CC BY
18LMI-I-6
Reverse deposition of oxides under nanosecond laser ablation of metals: physical mechanisms and applications
V.P. Veiko1, J.J. Karlagina1, A.A. Samokhvalov1, D.S. Polyakov1, I.B. Gornushkin2
1 - ITMO University, Saint-Petersburg, Russia 2 - BAM Federal Institute for Materials Research and Testing, Berlin, Germany
vadim. veiko@mail.ru
Processes of laser induced oxidation of metals usually are mainly studied in the framework of heterogeneous chemical reactions on the irradiated surface, which lead to the formation of dense oxide films on it. Such technology has many applications like color-laser marking technology [1] and laser recording on thin metal films for creation of diffractive optical elements [2]. At the conditions of strong laser ablation another oxidation mechanism becomes possible: evaporated atoms react with oxygen in a surrounding atmosphere and the products of such reaction can be redeposited back onto the substrate. The chemical and phase composition of such deposited layer, its density, morphology and structure depend on the conditions of laser ablation. It allows to control the main properties of such coating that is important for some potential application (for example in biomedicine).
In our report we present study of the processes of redeposition of oxides structure under the conditions of multipulse nanosecond laser ablation of titanium (Grade 2) in air atmosphere at normal conditions. Typical picture of redeposited structures and emission spectrum of laser plasma are shown on the Fig. 1
Fig. 1 - TEM, SEM pictures of nano-porous layer formed by laser ablation of titanium and optical emission spectrum of laser plasma.
One can see that treated surface is covered by nano-porous layer which consist mainly from titanium oxides. Our experiments shows that titanium-implants with such deposited oxide layer have increased biocompatibility [3].
Modelling of chemical reaction in laser-induced plasma coupled with experimental methods of plasma optical emission spectroscopy allows us to determine the types of main chemical reactions in laser plasma as well as it influences on the plume dynamics and vapor condensation kinetics. As the result we propose the general physical picture of reverse deposition of oxides structure under the condition of strong nanosecond laser ablation. The formation of the titanium oxide precipitate is explained not only by collisions in the plasma, but also by the chemical interaction of titanium and oxygen, which leads to the formation of a low pressure area near the substrate and additionally stimulates the reverse deposition of oxides.

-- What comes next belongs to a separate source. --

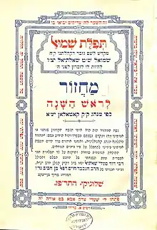 In 1526, the machzor of Yamim Noraim (Days of Awe), known as "Machzor le-nusach Barcelona minhag Catalunya"[31] was first published. According to the colophon, the impression was finished on the eve of Yom Kippur of the year 5287 (1526).[32]

The main features of this picture, as we expect, are valid not only for titanium but for other metals and semiconductors.
The study was supported by the Russian Science Foundation (project N° 20-62-46045).
[1] Odintsova G., Andreeva Y., Salminen A., Roozbahani H., Van Cuong L., Yatsuk R., Golubeva V., Romanov V., Veiko V. Investigation of production related impact on the optical properties of color laser marking/Journal of Materials Processing Technology, 2019, Vol. 274, pp. 116263
[2] Veiko V.P., Zakoldaev R.A., Shakhno E.A., Sinev D.A., Nguyen Z.K., Baranov A.V., Bogdanov K.V., Gedvilas M., Raciukaitis G., Vishnevskaya L.V., Degtyareva E.N. Thermochemical writing with high spatial resolution on Ti films utilising picosecond laser//Optical Materials Express, 2019, Vol. 9, No. 6, pp. 2729-2737
[3] Veiko V.P., Karlagina Y.Y., Itina T.E., Kuznetsova D.S., Elagin V.V., Zagaynova E.V., Chernenko G., Egorova E.E., Zernitskaia C., Manokhin S.S., Tokmacheva-Kolobova A., Odintsova G.V. Laser-assisted fabrication and in vitro verification of functionalized surface for cells biointegration//Optics and laser technology, 2021, Vol. 138, pp. 10687.